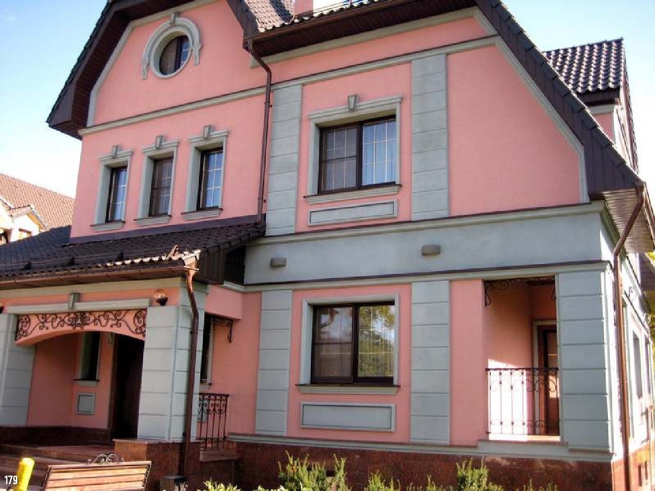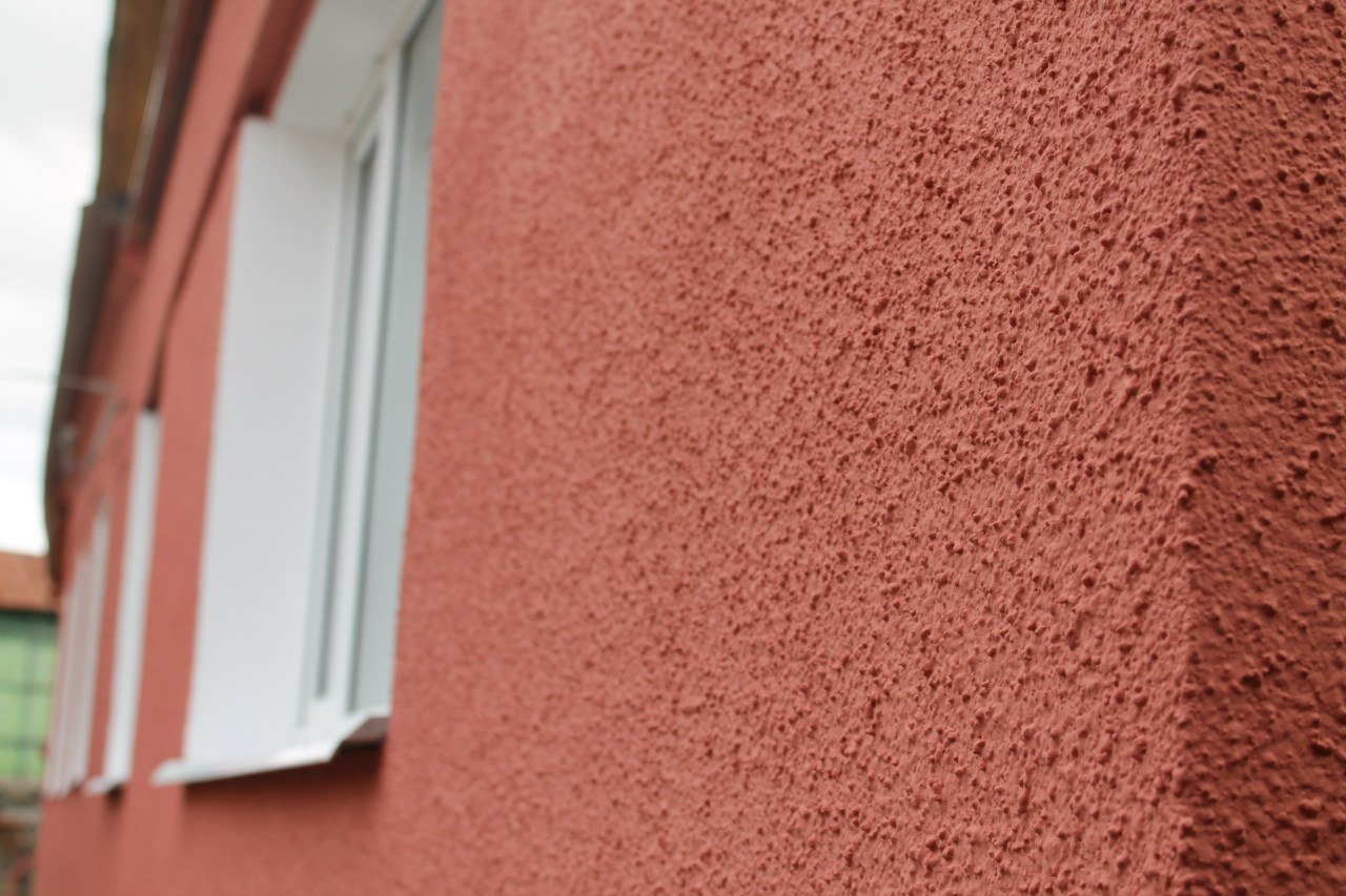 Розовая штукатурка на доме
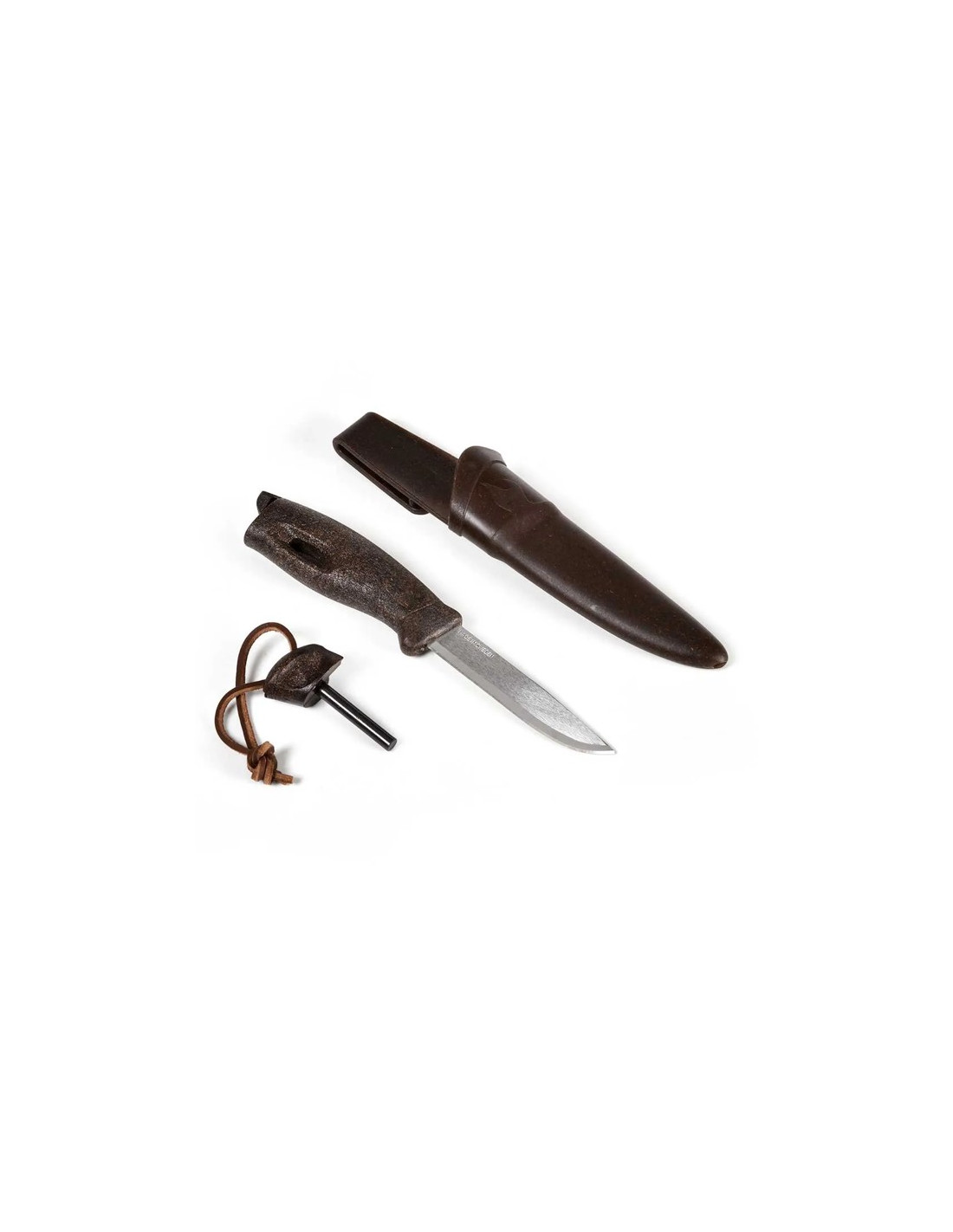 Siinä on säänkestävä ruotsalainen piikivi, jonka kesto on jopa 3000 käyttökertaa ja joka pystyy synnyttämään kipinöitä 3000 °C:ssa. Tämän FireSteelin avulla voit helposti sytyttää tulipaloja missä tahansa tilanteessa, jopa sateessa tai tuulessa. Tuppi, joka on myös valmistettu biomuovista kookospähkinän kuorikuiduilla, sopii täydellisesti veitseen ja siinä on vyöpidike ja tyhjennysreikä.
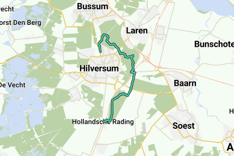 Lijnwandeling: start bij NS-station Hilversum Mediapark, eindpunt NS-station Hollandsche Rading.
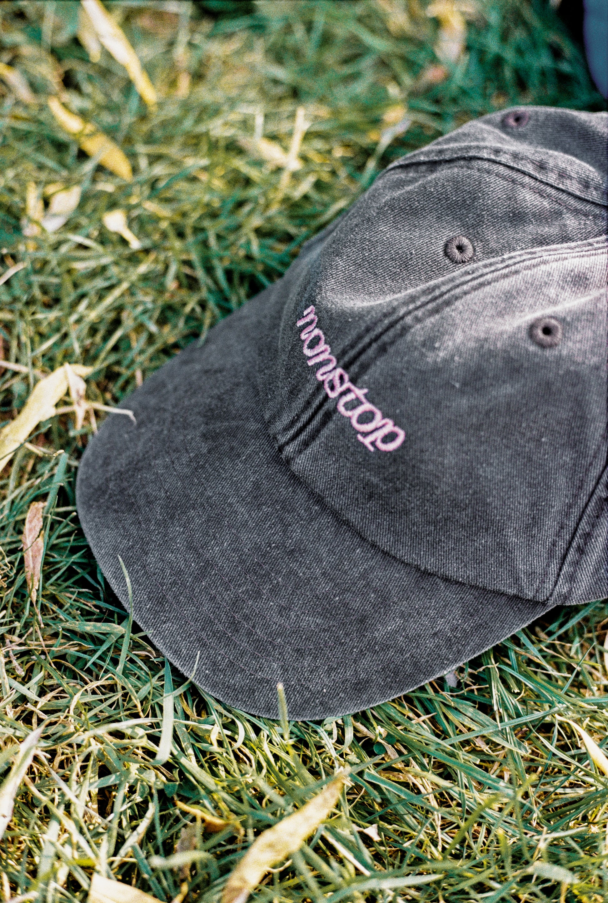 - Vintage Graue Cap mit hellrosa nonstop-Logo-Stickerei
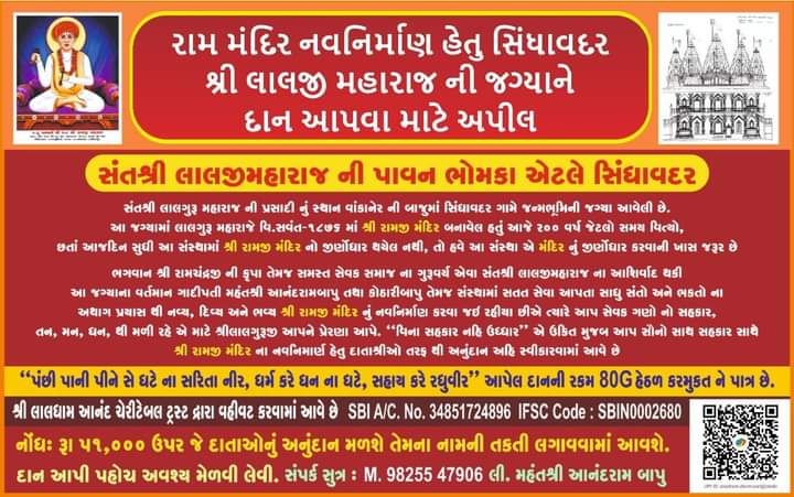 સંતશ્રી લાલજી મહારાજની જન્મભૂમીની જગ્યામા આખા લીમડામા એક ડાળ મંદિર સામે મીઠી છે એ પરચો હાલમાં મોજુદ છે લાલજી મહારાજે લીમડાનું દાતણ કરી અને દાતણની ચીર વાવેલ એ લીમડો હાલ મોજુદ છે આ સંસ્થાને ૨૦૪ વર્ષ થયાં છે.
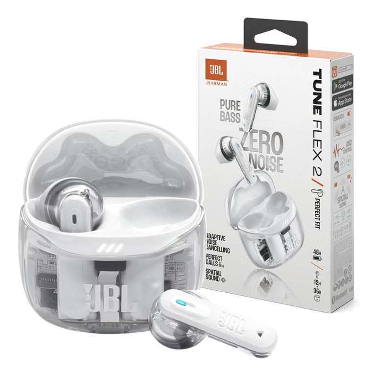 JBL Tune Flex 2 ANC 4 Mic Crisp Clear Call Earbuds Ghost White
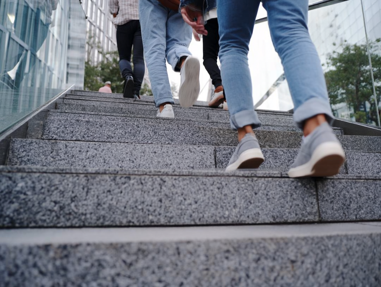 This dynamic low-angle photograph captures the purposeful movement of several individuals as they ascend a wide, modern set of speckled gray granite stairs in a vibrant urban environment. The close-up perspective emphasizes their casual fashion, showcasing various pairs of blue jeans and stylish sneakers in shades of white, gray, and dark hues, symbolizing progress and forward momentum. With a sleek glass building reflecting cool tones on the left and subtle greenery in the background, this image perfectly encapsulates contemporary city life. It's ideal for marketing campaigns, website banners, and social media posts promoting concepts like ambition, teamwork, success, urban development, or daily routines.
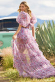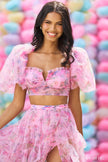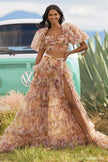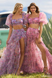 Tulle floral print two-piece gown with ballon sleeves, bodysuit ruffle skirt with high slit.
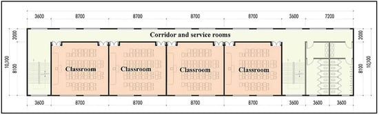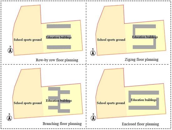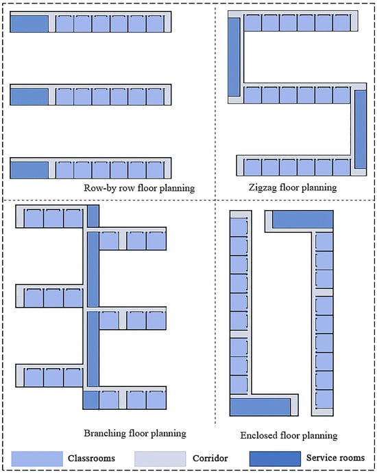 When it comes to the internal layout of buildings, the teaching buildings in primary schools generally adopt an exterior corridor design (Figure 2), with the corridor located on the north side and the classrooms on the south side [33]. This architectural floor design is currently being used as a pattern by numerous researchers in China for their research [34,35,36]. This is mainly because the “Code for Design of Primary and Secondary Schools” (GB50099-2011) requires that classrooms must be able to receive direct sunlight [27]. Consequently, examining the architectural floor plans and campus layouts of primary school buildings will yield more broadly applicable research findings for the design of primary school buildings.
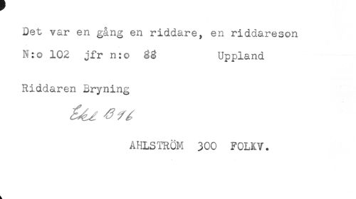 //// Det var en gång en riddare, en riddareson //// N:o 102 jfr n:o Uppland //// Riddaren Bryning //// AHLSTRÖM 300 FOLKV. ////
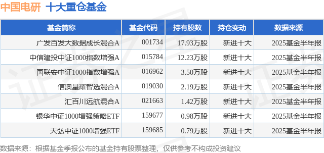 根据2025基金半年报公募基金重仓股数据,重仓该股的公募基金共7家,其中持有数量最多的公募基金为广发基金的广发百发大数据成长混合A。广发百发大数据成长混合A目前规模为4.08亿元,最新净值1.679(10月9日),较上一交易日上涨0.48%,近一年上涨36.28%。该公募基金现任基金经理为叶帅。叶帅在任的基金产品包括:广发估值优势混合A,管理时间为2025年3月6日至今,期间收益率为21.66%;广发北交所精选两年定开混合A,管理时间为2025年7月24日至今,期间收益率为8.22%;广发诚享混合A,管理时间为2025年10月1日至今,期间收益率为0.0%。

● ● ● ●

▶ **Task to complete**
Leaving the pictures aside, write out the entries above exactly.

▶ **Response**
 Розовая штукатурка на доме
 Siinä on säänkestävä ruotsalainen piikivi, jonka kesto on jopa 3000 käyttökertaa ja joka pystyy synnyttämään kipinöitä 3000 °C:ssa. Tämän FireSteelin avulla voit helposti sytyttää tulipaloja missä tahansa tilanteessa, jopa sateessa tai tuulessa. Tuppi, joka on myös valmistettu biomuovista kookospähkinän kuorikuiduilla, sopii täydellisesti veitseen ja siinä on vyöpidike ja tyhjennysreikä.
 Lijnwandeling: start bij NS-station Hilversum Mediapark, eindpunt NS-station Hollandsche Rading.
 - Vintage Graue Cap mit hellrosa nonstop-Logo-Stickerei
 સંતશ્રી લાલજી મહારાજની જન્મભૂમીની જગ્યામા આખા લીમડામા એક ડાળ મંદિર સામે મીઠી છે એ પરચો હાલમાં મોજુદ છે લાલજી મહારાજે લીમડાનું દાતણ કરી અને દાતણની ચીર વાવેલ એ લીમડો હાલ મોજુદ છે આ સંસ્થાને ૨૦૪ વર્ષ થયાં છે.
 JBL Tune Flex 2 ANC 4 Mic Crisp Clear Call Earbuds Ghost White
 This dynamic low-angle photograph captures the purposeful movement of several individuals as they ascend a wide, modern set of speckled gray granite stairs in a vibrant urban environment. The close-up perspective emphasizes their casual fashion, showcasing various pairs of blue jeans and stylish sneakers in shades of white, gray, and dark hues, symbolizing progress and forward momentum. With a sleek glass building reflecting cool tones on the left and subtle greenery in the background, this image perfectly encapsulates contemporary city life. It's ideal for marketing campaigns, website banners, and social media posts promoting concepts like ambition, teamwork, success, urban development, or daily routines.
 Tulle floral print two-piece gown with ballon sleeves, bodysuit ruffle skirt with high slit.
 When it comes to the internal layout of buildings, the teaching buildings in primary schools generally adopt an exterior corridor design (Figure 2), with the corridor located on the north side and the classrooms on the south side [33]. This architectural floor design is currently being used as a pattern by numerous researchers in China for their research [34,35,36]. This is mainly because the “Code for Design of Primary and Secondary Schools” (GB50099-2011) requires that classrooms must be able to receive direct sunlight [27]. Consequently, examining the architectural floor plans and campus layouts of primary school buildings will yield more broadly applicable research findings for the design of primary school buildings.
 //// Det var en gång en riddare, en riddareson //// N:o 102 jfr n:o Uppland //// Riddaren Bryning //// AHLSTRÖM 300 FOLKV. ////
 根据2025基金半年报公募基金重仓股数据,重仓该股的公募基金共7家,其中持有数量最多的公募基金为广发基金的广发百发大数据成长混合A。广发百发大数据成长混合A目前规模为4.08亿元,最新净值1.679(10月9日),较上一交易日上涨0.48%,近一年上涨36.28%。该公募基金现任基金经理为叶帅。叶帅在任的基金产品包括:广发估值优势混合A,管理时间为2025年3月6日至今,期间收益率为21.66%;广发北交所精选两年定开混合A,管理时间为2025年7月24日至今,期间收益率为8.22%;广发诚享混合A,管理时间为2025年10月1日至今,期间收益率为0.0%。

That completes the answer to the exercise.